Questions: The Prisoner's Dilemma in International Cooperation
5 questions to test your understanding
Score: 0 / 5
Question 1 Multiple Choice
State A believes that State B will cooperate (not build weapons). Given the prisoner's dilemma payoff structure, what should State A do to maximize its payoff?
ACooperate, since mutual cooperation (R) is better than mutual defection (P)
BDefect, since the temptation payoff (T) for defecting while B cooperates exceeds R
CCooperate, since defecting while B cooperates risks retaliation in future rounds
DRandomize, since neither strategy dominates under uncertainty
In a one-shot prisoner's dilemma, defection is the dominant strategy — it is optimal regardless of what the other player does. If B cooperates, defecting yields T (best possible). If B defects, defecting yields P rather than S (sucker's payoff). Option A is tempting because R > P, but it misses the key insight: A's choice between cooperate and defect is the same regardless of B's action, and defecting is always better given B's actual choice. The tragedy is that both reasoning this way produces P < R for everyone.
Question 2 Multiple Choice
Which condition most effectively transforms a prisoner's dilemma into a situation where cooperation can be sustained as a stable outcome?
AOne state being significantly more powerful than the other
BBoth states sharing cultural values that favor cooperation
CRepeated interaction where defection is detectable and triggers future punishment
DA one-time side payment that compensates the cooperating party
Repeated interaction changes the payoff calculus by extending the shadow of the future: defecting today triggers punishment across all future rounds. If the present value of future cooperation (R accruing indefinitely) exceeds the one-time temptation gain (T - R), cooperation becomes rational. Detectability is essential — if defection goes unnoticed, the punishment mechanism fails. Power asymmetry (option A) can coerce compliance but doesn't change the underlying incentive structure. Shared values (option B) help but are insufficient without enforcement. Side payments (option D) realign incentives in a one-shot game but don't address the structural instability of repeated play.
Question 3 True / False
In a one-shot prisoner's dilemma, mutual cooperation is not a Nash equilibrium because each player has an incentive to deviate unilaterally.
TTrue
FFalse
Answer: True
A Nash equilibrium requires that no player can improve their payoff by changing their strategy alone.

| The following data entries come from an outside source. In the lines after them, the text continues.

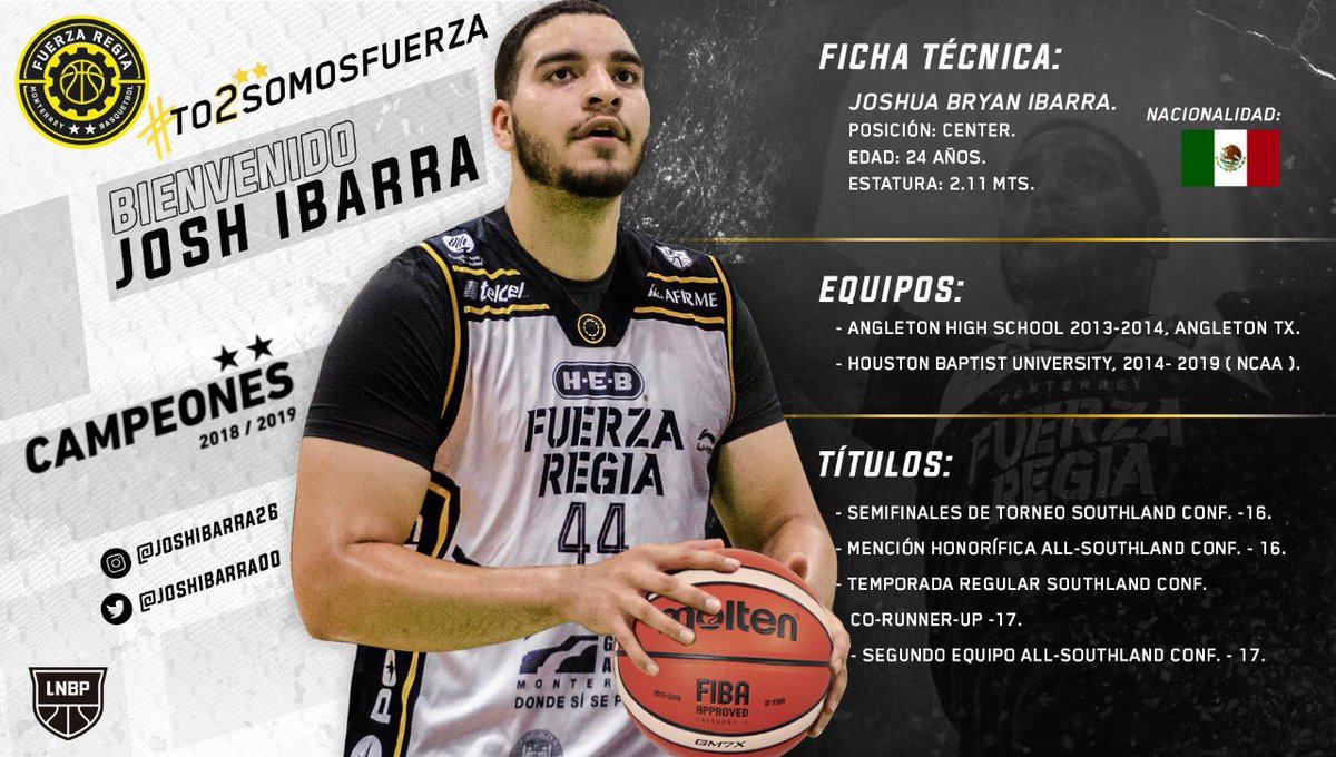 El mexicano Joshua Bryan Ibarra, se convierte en el primer jugador en integrar la plantilla que participará en la Temporada 2019-2020 de la Liga Nacional de Baloncesto Profesional con Fuerza Regia.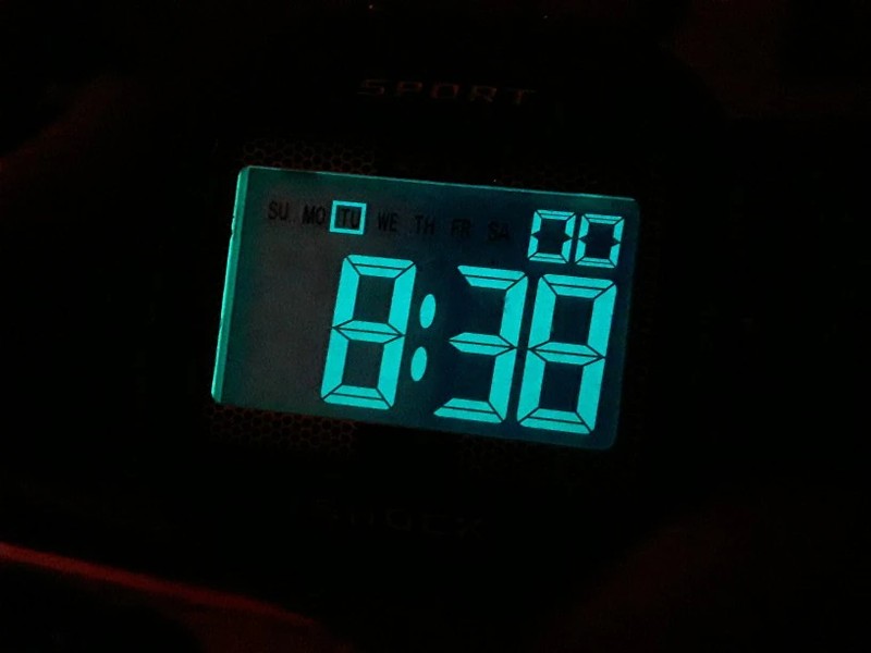 Die licht scheint hell und gleichmäßig über den bildschirm. Sehen die uhr und kalender, wenn es dunkel ist.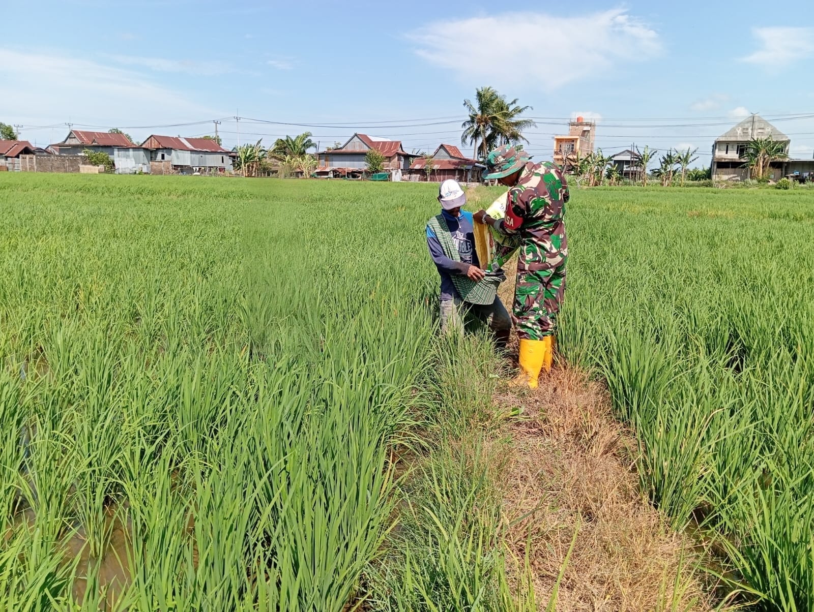 Jaga Tanaman Tetap Subur Babinsa Kodim 1404/Pinrangb Bantu Petani Pupuk Tanaman Padi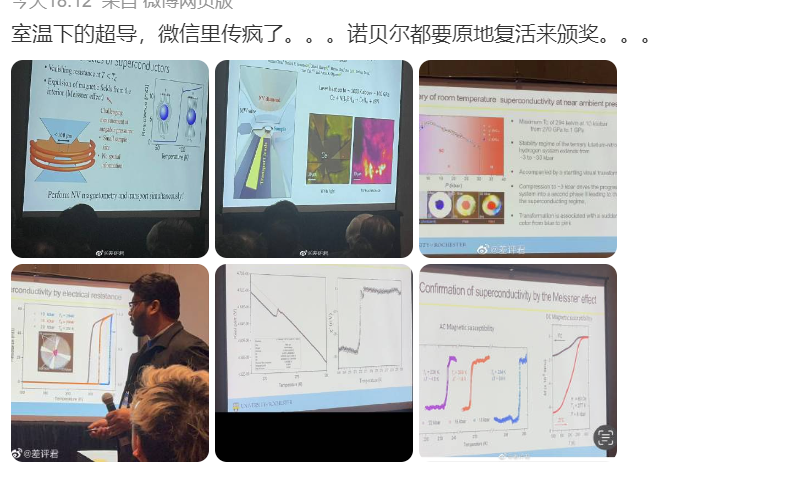 另外,也有A股董秘解读今天的美国室温超导技术传闻:没啥太大产业化价值关系。仍然是1万倍大气压。只不过从200多万倍大气压降到了1万倍而已。实现零下200度比实现1万倍大气压容易和便宜多了。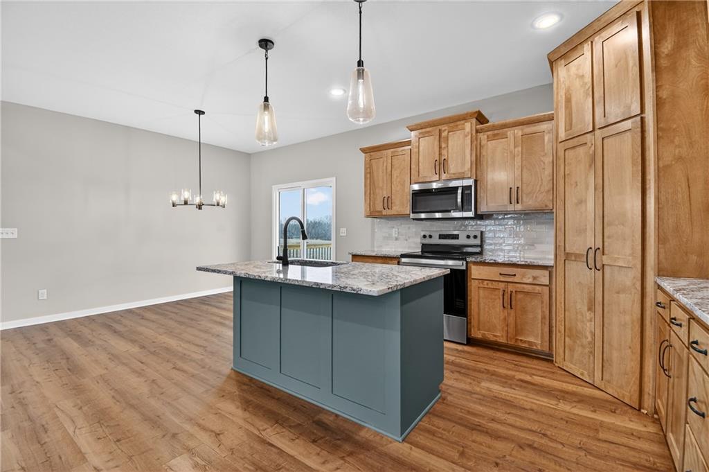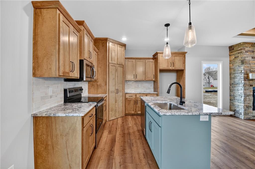 Stunning new construction ranch/reverse 1.5 with walk-out basement and 3-car garage! This 4-bedroom, 3-bath home features an open-concept main level with stained cabinetry, spacious dining area, and inviting living room with fireplace and custom ceiling detail. Convenient mudroom with boot bench and main-level laundry add everyday functionality to this home! Enjoy enhanced accessibility and thoughtful design with all main-level interior doors that are 36” wide, including the primary bedroom, bathroom, and closet doors! The primary suite includes a stunning accent wall, dual walk-in closets, and a beautifully tiled walk-in shower. The Finished lower level features two additional bedrooms, full bath, large family room, and walk-out to covered patio. Even with the additional living space you can benefit from the ample storage spaces offered in the basement! Do not miss your opportunity to enjoy quality craftsmanship and modern finishes inside and out with this new construction home!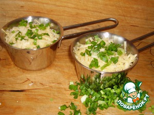 Раскладываем полученную массу по кокотницам, посыпаем тертым сыром, украшаем зеленью.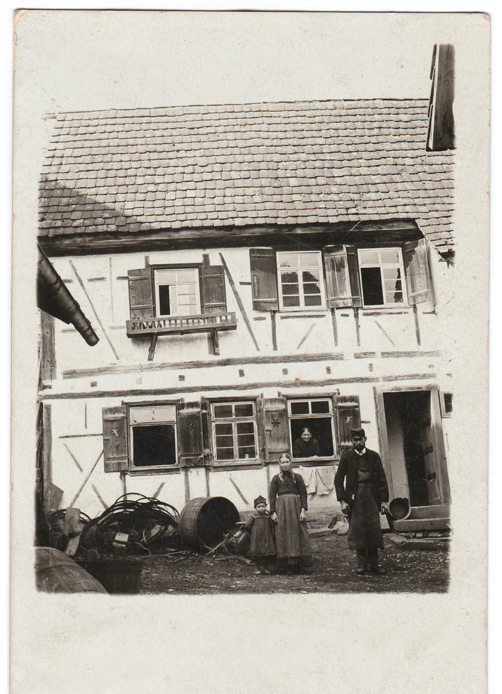 Nähert man sich von der Perouser Straße der Ortsmitte von Malmsheim, so hat man einen eindrucksvollen Anblick vor sich: Die Germanuskirche mit ihrem barocken Turmhelm, davor das Rathaus mit Walmdach und Türmchen und das Backhaus mit seiner Fachwerkfront. Das ganze wird links und rechts der abfallenden Straße gesäumt von einer Reihe alter Gebäude, darunter das in den letzten Jahren sehr schön sanierte Gebäude Perouser Straße 9.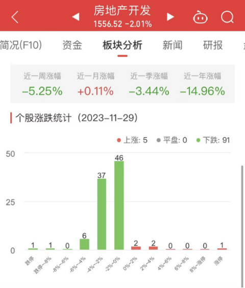 中国经济网北京11月29日讯今日,房地产开发板块整体涨幅-2.01%,其中5只股票上涨,91只股票下跌。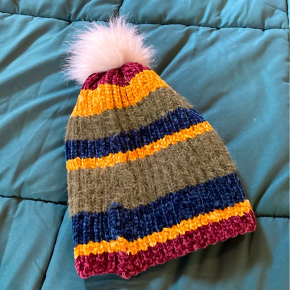 Navy Blue, Green, Yellow and Burgundy stripes beanie with white poof.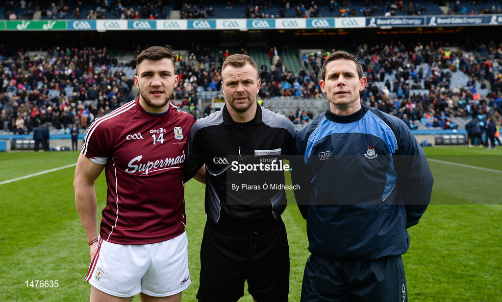 1 April 2018; Referee Anthony Nolan with team captains Damien Comer of Galway and Stephen Cluxton of Dublin before the Allianz Football League Division 1 Final match between Dublin and Galway at Croke Park in Dublin. Photo by Piaras Ó Mídheach/Sportsfile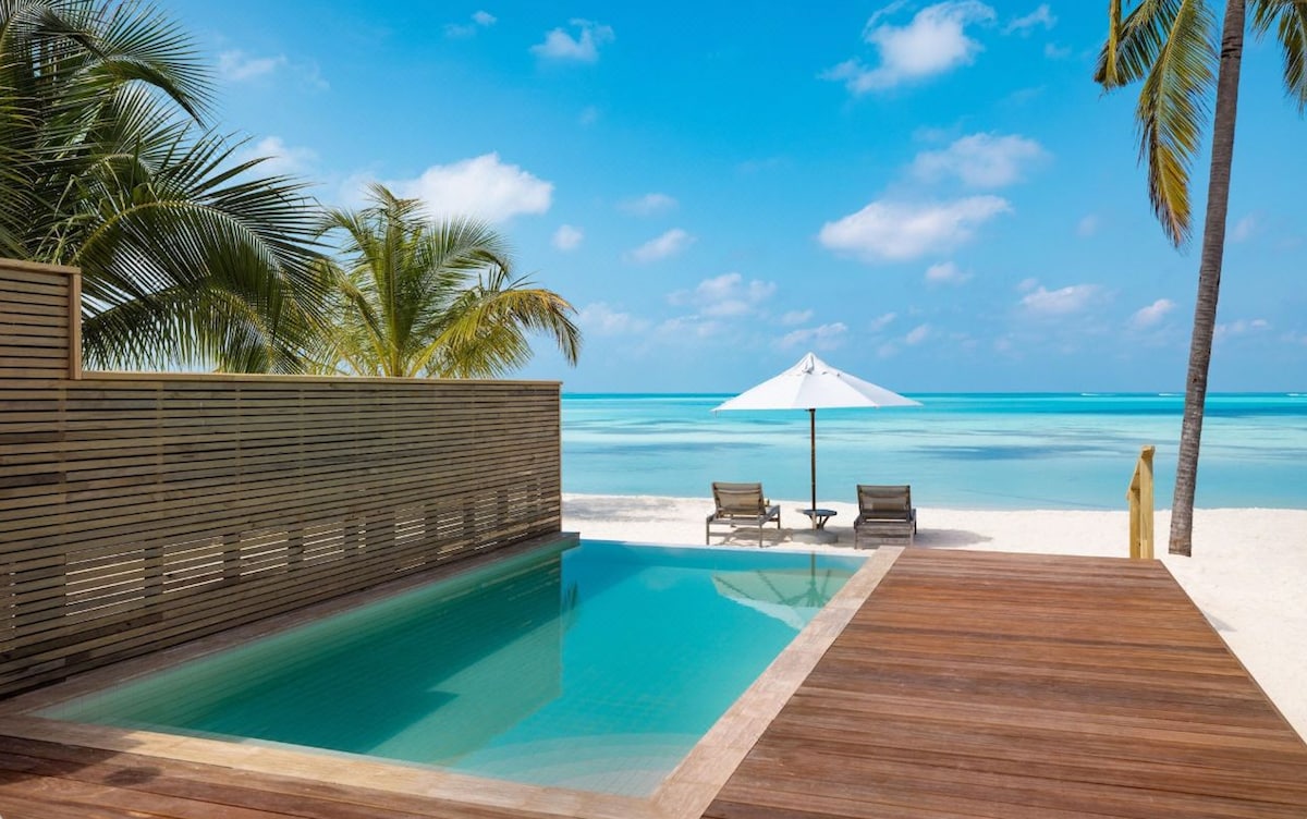 At the huge villa over water with private pool peace and quiet are guaranteed at the villa because space and privacy are built into the very essence of this paradise > Entire Water villa in a 5 star private island > Private pool > 75 minutes seaplane > 2 Adults & 3 Child > 190 SQM > Split stay in different types of villa possible > Meals, Excursion Airport Transfer ( additional charges Apply ) Kindly ping me before sending reservation request to arrange transportation to & from MLE Airport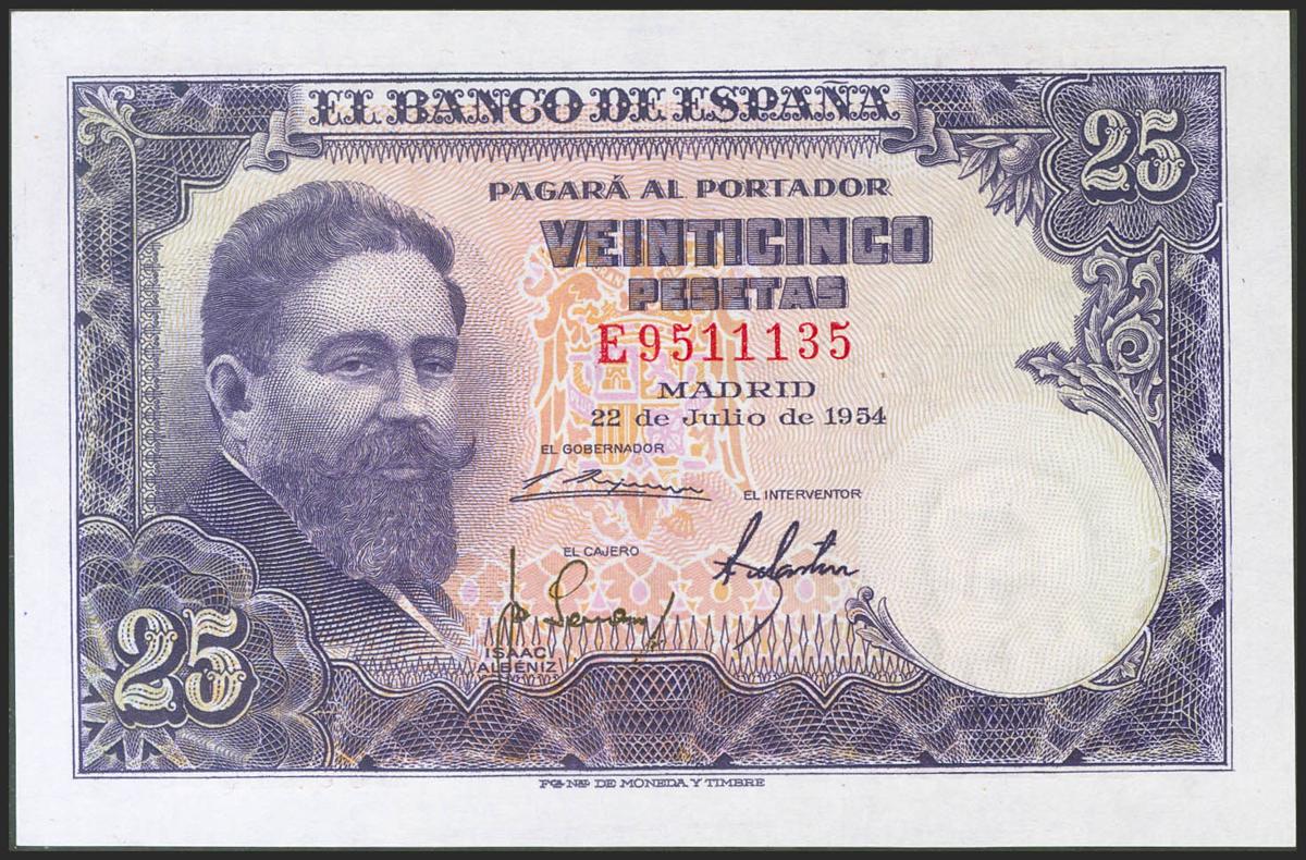 25 pesetas. July 22, 1954. Series E. (Edifil 2021: 467a). It retains all its original sizing. Uncirculated.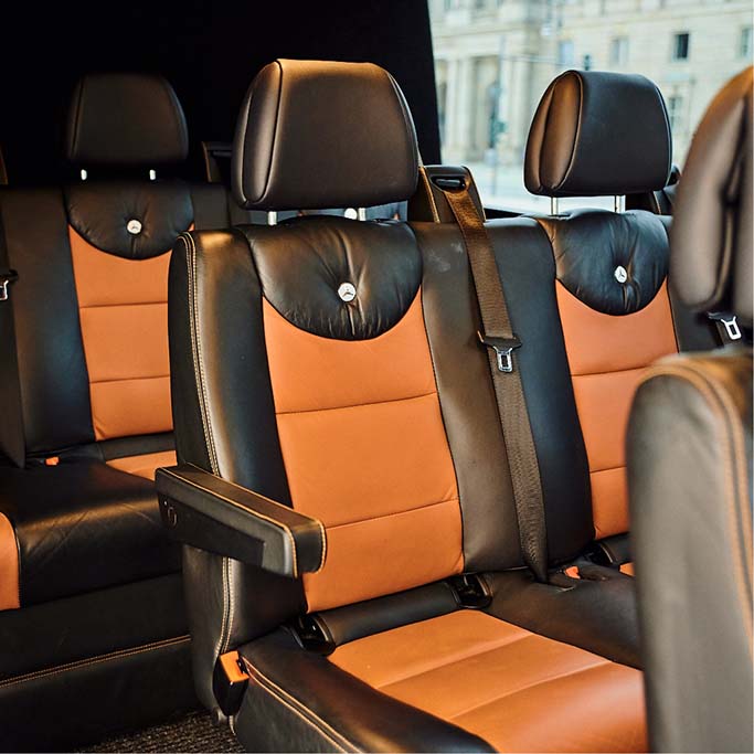 Für größere Gruppen können Sie unseren Mini-Bus mit 16 beziehungsweise 19 Sitzplätzen buchen. Der elegante Sprinter bildet die goldene Mitte zwischen unseren Limousinen und unseren Reisebussen. Er eignet sich hervorragend für Hochzeitsfeiern, Mitarbeiterausflüge und Flughafentransfers Ihrer Delegationen.
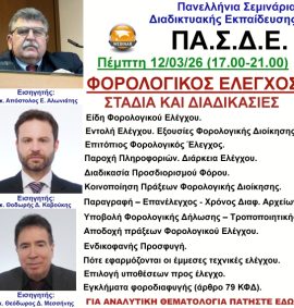 11/04/2018 – ΕΚΤΑΚΤΟ Σεμινάριο το νέο έντυπο Ε3- Εισηγητής : Μιχελινάκης Ευάγγελος
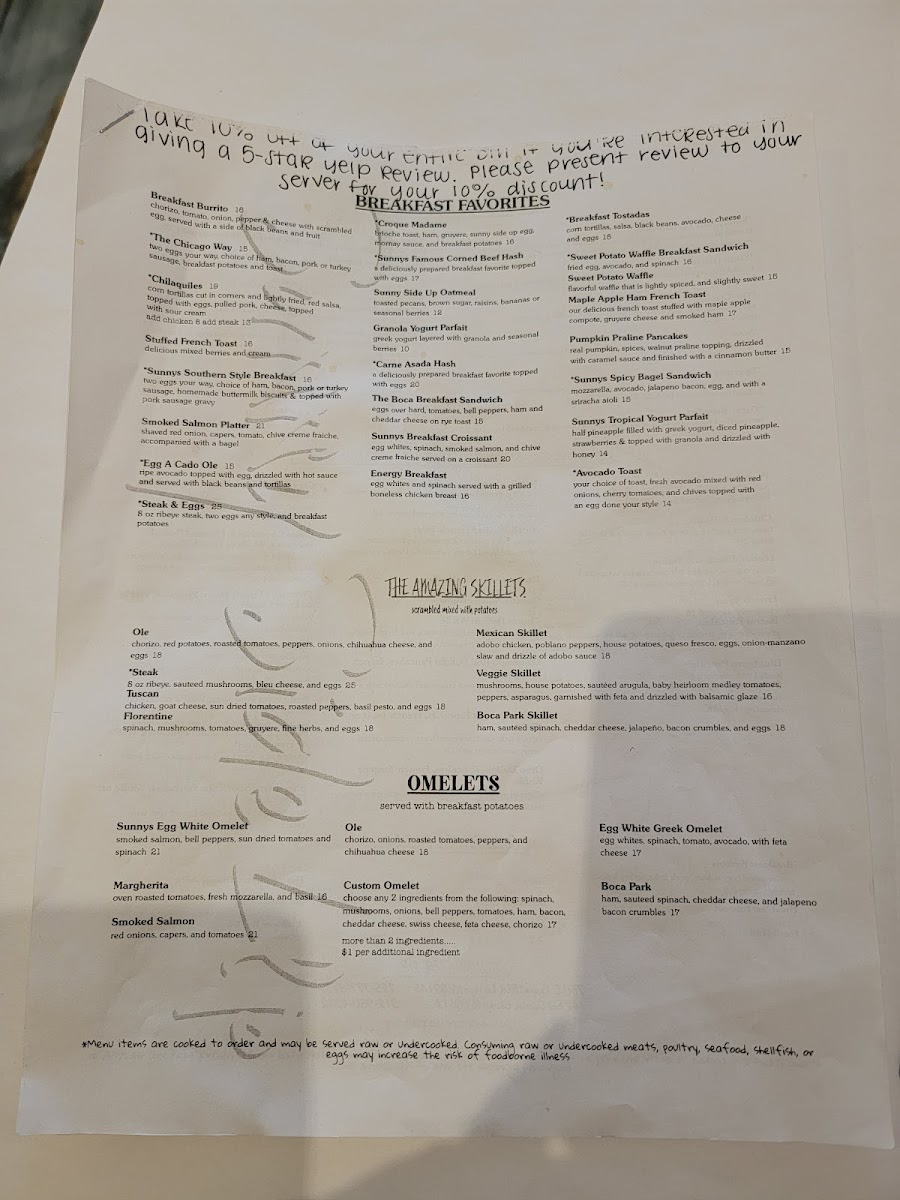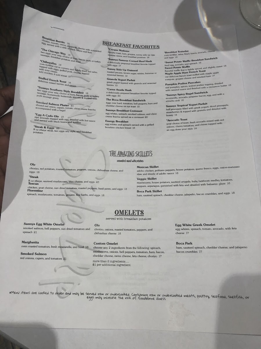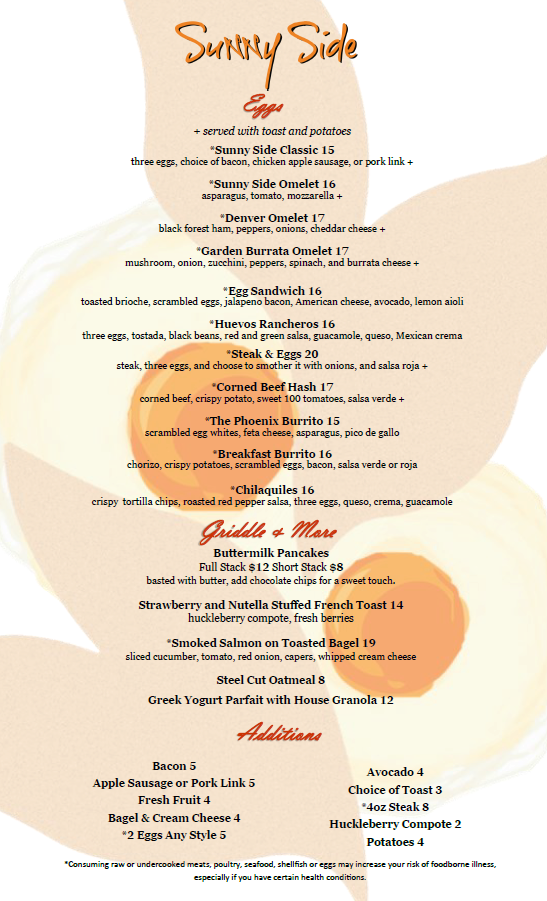 Vegetarian diners will also feel right at home with the enticing Omelets selection. The Sunnys Egg White Omelet is a brilliant blend of smoked salmon, bell peppers, sundried tomatoes, and spinach for $18, while the Margherita Omelet bursts with flavor thanks to oven-roasted tomatoes, fresh mozzarella, and basil for a refreshing $14.

At the mutual cooperation outcome, either player can improve by switching to defect (gaining T instead of R, since T > R). So mutual cooperation is not a Nash equilibrium. Mutual defection, by contrast, is the unique Nash equilibrium: if both are defecting, switching to cooperate yields S < P, so neither wants to deviate. The tragedy of the dilemma is precisely that the Nash equilibrium (mutual defection at P) is worse for everyone than the non-equilibrium outcome (mutual cooperation at R).
Question 4 True / False
The prisoner's dilemma shows that rational, self-interested states will rarely cooperate on issues like arms control or climate agreements.
TTrue
FFalse
Answer: False
This is the key misconception the topic is designed to correct. The prisoner's dilemma does not make cooperation impossible — it identifies the conditions under which cooperation is difficult. Repeated interaction (the 'shadow of the future'), monitoring institutions, and enforcement mechanisms can restructure the dilemma so that cooperation is individually rational. International institutions like arms control treaties, the WTO, and emissions verification bodies are precisely mechanisms designed to convert one-shot dilemmas into iterated games where defection is costly and cooperation sustainable.
Question 5 Short Answer
Why is defection a dominant strategy in a one-shot prisoner's dilemma, even when both players know that mutual cooperation would produce better outcomes for everyone?
Think about your answer, then reveal below.
Model answer: Defection is dominant because it produces a higher payoff than cooperation regardless of the other player's choice. If the other player cooperates, defecting yields T (the best possible outcome) instead of R. If the other player defects, defecting yields P instead of S (the worst outcome). Since T > R and P > S, defecting is the better choice in both cases. Knowing that mutual cooperation would be better doesn't change this — each player is choosing in the absence of a binding commitment from the other, so they must reason about both possibilities. The result is a stable but inefficient equilibrium.
The dilemma arises from the combination of two features: (1) defection strictly dominates cooperation for each individual, and (2) universal defection is worse for everyone than universal cooperation. These features can coexist because each player's best response doesn't depend on coordinating with others. Without a mechanism to make commitments binding — or without the threat of future punishment — each player's logic drives them toward the collectively harmful outcome.